Other than the perfect tunes, reward systems, daily “progress” pictures, and workout journals have been proven to be effective motivational tools. Use sips of water as a small reward during a workout– for example, allow yourself a small break and a nice sip after doing a full set of pushups– and a healthy snack or Netflix relaxing treat as a big reward once you complete your workout for the day. Taking daily pictures of a specific area you want to target may seem silly, and no, you won’t see results for the first week or two, but the mental idea of physically changing in a notable way will serve as a reminder to not quit. For those who are very serious about losing weight and have some experience in the gym already, keeping a detailed journal of daily weigh-ins, activities, and calories eaten can serve as a “I have to do better than yesterday” incentive. A journal is also a great way to build self-confidence and a sense of accomplishment as you look back on everything you did to improve your health over the weeks you kept it.

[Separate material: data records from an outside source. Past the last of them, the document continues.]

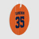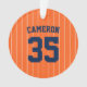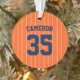 Baseball jersey stripes style ornament with colors that are fully customizable on the front and you can add your photo on the back. On the front, to change the background color, click customize and change the background color and to change the stripes color, click customize, select "ThinStripes1" layer and change the fill color. Perfect for the baseball fan this holiday season.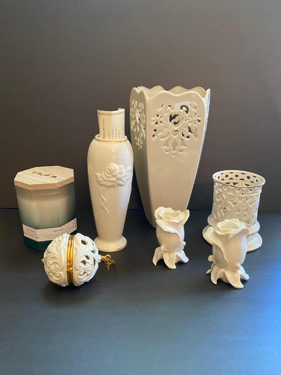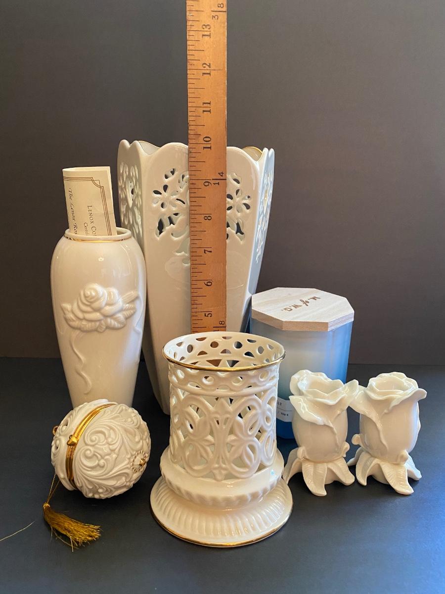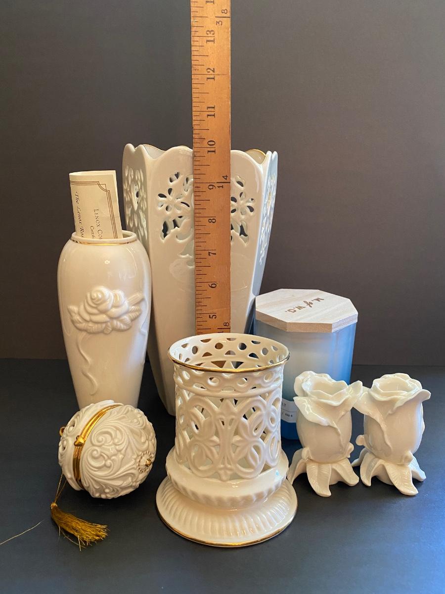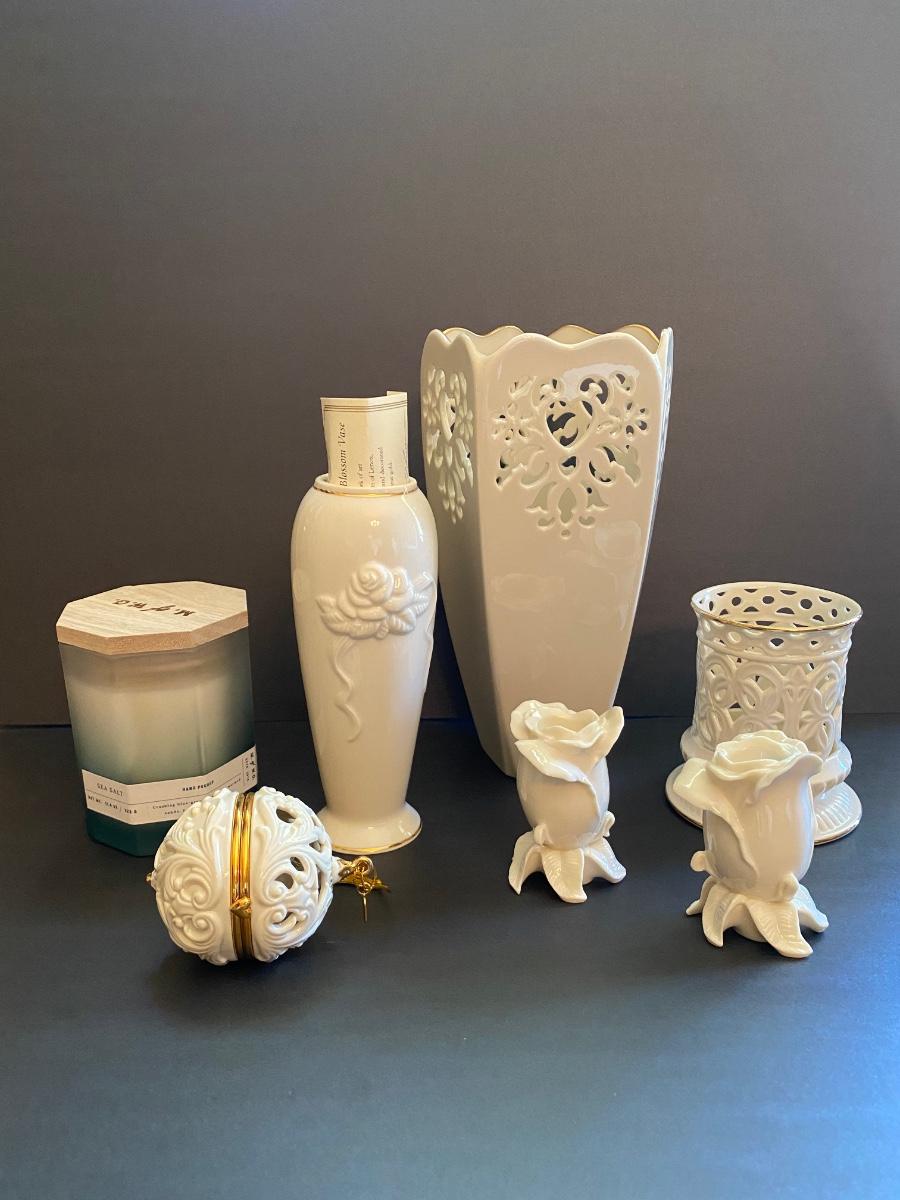 Beautiful lot includes rose bud candle stick holders, two vases in different sizes, tea light holder, ornament and candle. Please see all pictures as they are the best representation of the items. The pictures show condition, measurements if taken, and what is included in the lot. Due to the large amount that we photograph and the time frame, we are not always able to take measurements. All items unless noted, are pre-owned and have been used. If you purchased furniture, you must bring help. We do not allow one person to carry large furniture out on their own. Bring help, tools and a truck for the safety of our client’s homes, and your personal safety. Any damages that result to the property including walls, and floors due to moving of the furniture will be charged to the buyer. Company policy. Thank you.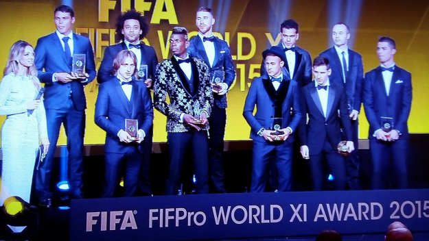 Uz Modrića, u idealnoj postavi nalaze se još trojica igrača Reala, Sergio Ramos, Marcelo i Cristiano Ronaldo, te četiri igrača Barcelone, Dani Alves, Andres Iniesta, Lionel Messi i Neymar. Momčad godine zaokružuju vratar Bayerna Manuel Neuer, branič Paris SG-a Thiago Silva i veznjak Juventusa Paul Pogba.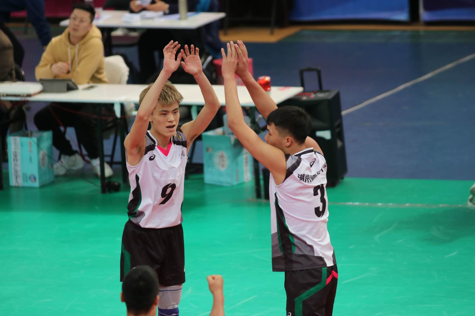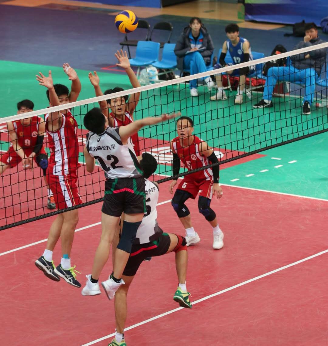第二局,湖南师范大学重整旗鼓,取得7:4的梦幻开局。然而局中阶段我校男排突然失去场上节奏,被中国石油大学反攻5分。随后的比赛没有太多波澜,湖南师范大学以25:23再输一城。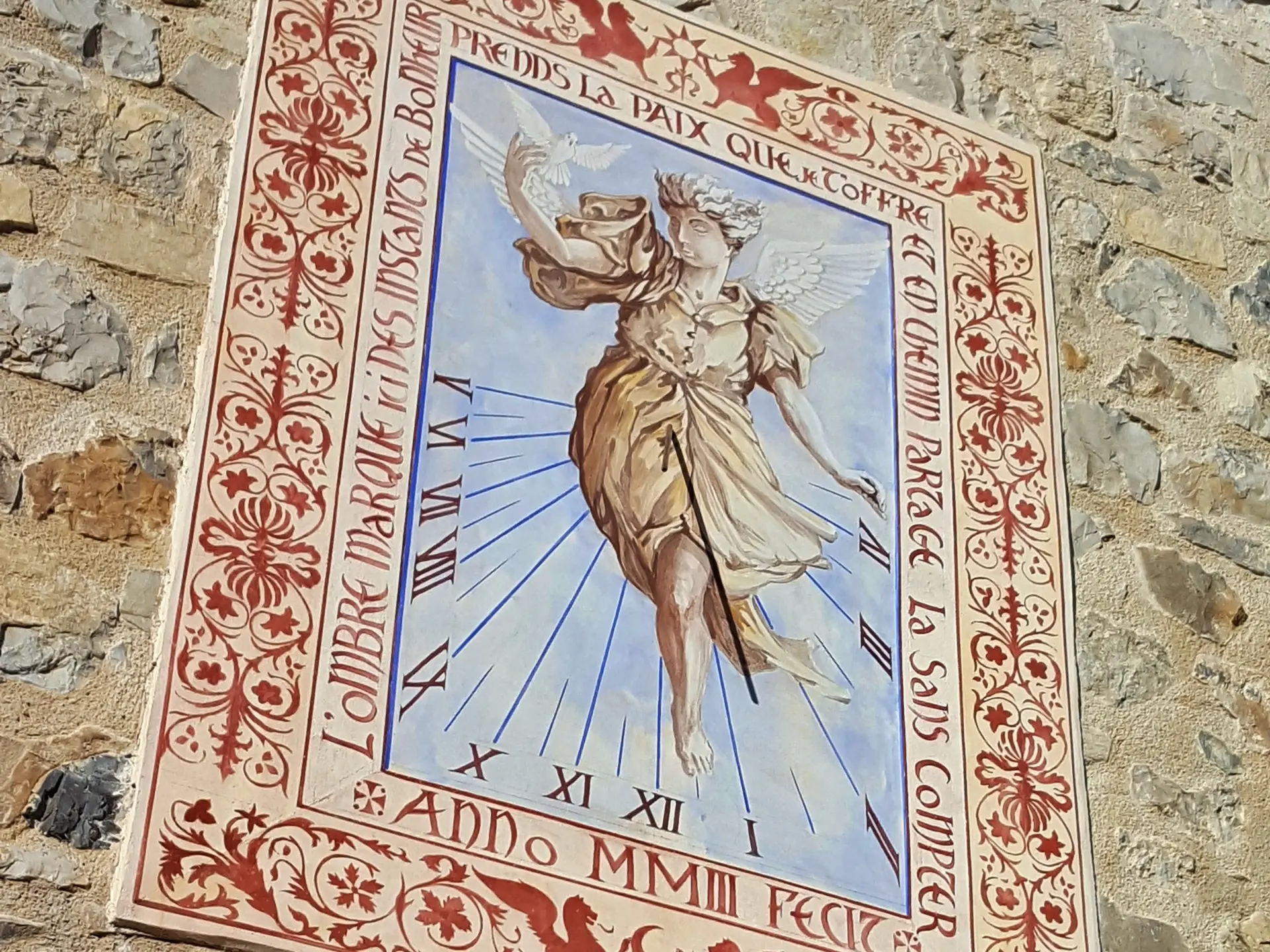Eine altüberlieferte Tradition, die Rémi Potey, Sonnenuhrkünstler und Freskenmaler, fortsetzt. In den 1990ern fertigte er zahlreiche Freco-Sonnenuhren. Gehen Sie im ganzen Gebiet mit Ihren Kindern auf die Sonnenuhrfresken und -sprüche-Jagd! Gönnen Sie sich das Vergnügen, diese Straße ganz nach Ihrem Geschmack zu durchqueren, entdecken Sie das gebaute und natürliche Erbe unserer Täler.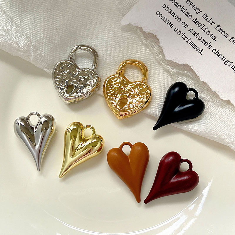 ins个性简约小众大版心形爱心锁吊坠diy秋冬项链挂件耳饰品小配件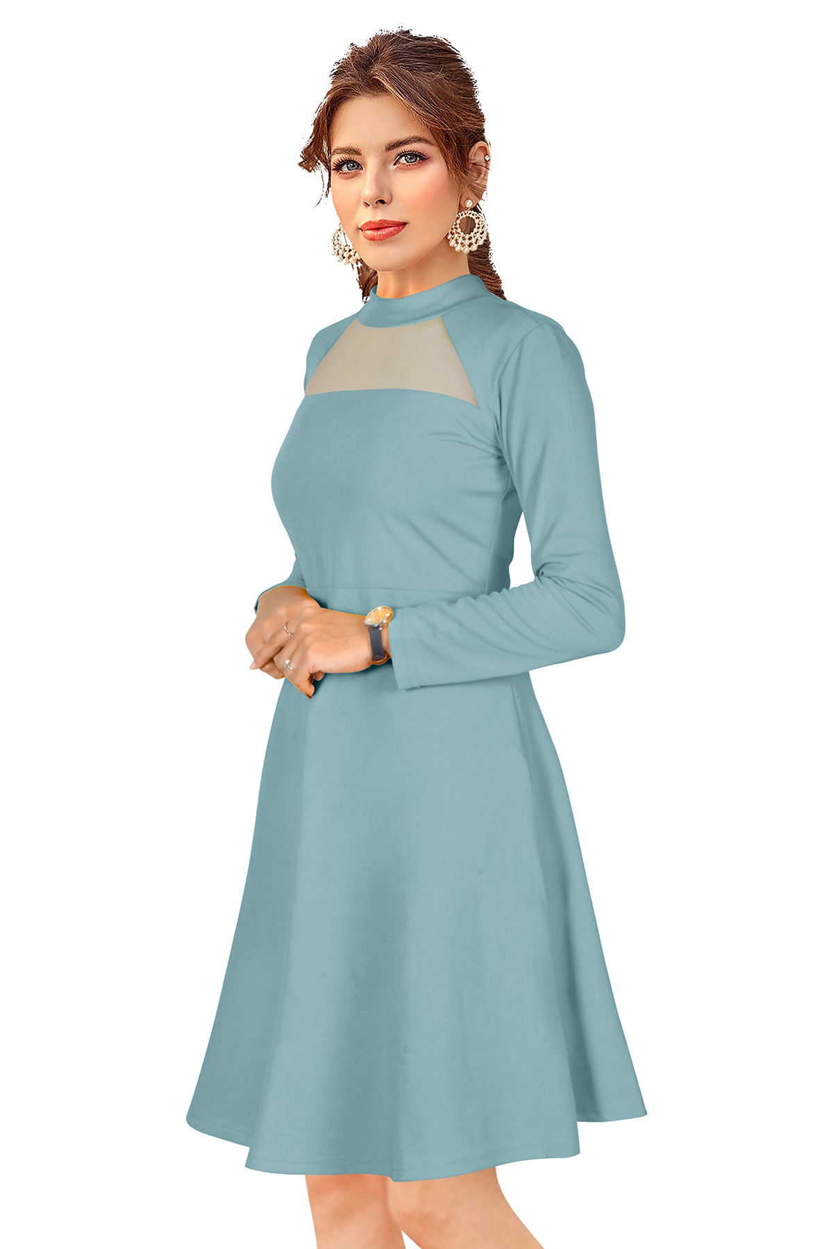 The Isha 586 Peach A-Line Dress with Sheer Yoke is a perfect blend of elegance and modern charm. Crafted with a flattering A-line silhouette, this dress features full sleeves, a high neckline, and a delicate sheer yoke panel that adds a subtle yet stylish touch. The soft peach color enhances its feminine appeal, making it ideal for brunches, parties, or semi-formal occasions. Pair it with statement earrings and heels for a chic and graceful look.

Working out seems daunting at first. Deciding what areas to target, what machines to use, how far to run, and so on can be confusing and challenging to anyone. Just remember that there is no right or wrong way to come up with a workout plan. Everyone is different. With that said, there are some basic fitness tricks and rules that you should consider.

  • Interval training– Personal trainers can’t seem to highlight this tip enough. It’s been proven that interval training, or working out in short bursts of high-intensity activity, is more effective in burning calories than running, lifting, etc. at the same rate for a prolonged period of time. The simplest way to interval train is to apply it to cardio. Walk or jog on the treadmill or elliptical for 2-5 minutes at a time, and then run or sprint for 1-2 minutes. Try to go for as long as you can, but move on to a new activity after 30 minutes (even if you feel like you could go for longer). This method is also great for students with busy schedules– it’s possible to burn a good amount of calories in a short workout session!
  • Workout weight machines or free weights in “sets.” Try doing a comfortable weight for 12 repetitions (reps), increase your weight slightly for 10 reps, and go back to a comfortable weight for 12 more reps. That’s a set. Adjust the number of reps and sets according to your ability and the activity you’re doing. This method assists in getting your body used to working out, while toning and building muscle in an effective combination.
  • Alternate areas of focus, but always include cardio. If you know that your whole body needs to be toned up, start your workout with cardio no matter what. Come up with a system after that– maybe do arms and core one day, legs the next, back to arms and core, then rest. Alternating days of focus allows for more intense training on those areas and gives those muscle groups time to heal before they’re used again.
  • Always remember to take a rest day when needed, stretch, and stay hydrated.

Getting fit doesn’t require the use of a gym membership (although one is definitely a benefit). All you need to begin working on your body is the right mindset and a decent space. If you live in a neighborhood or have a lot of land, try to run loops, going a little farther each time. If your room has some empty floor space, utilize it for simple activities like pushups, sit ups, planks, etc. Websites like Pinterest have thousands of “at home workout plans” that require no equipment and are easy to follow. Find whatever options work for you and stick to them.

Working out does not have to be something for “athletes” or “gym rats.” Even if you’ve always felt unathletic and like the gym just wasn’t the place for you, don’t be afraid to start. Every success story begins somewhere.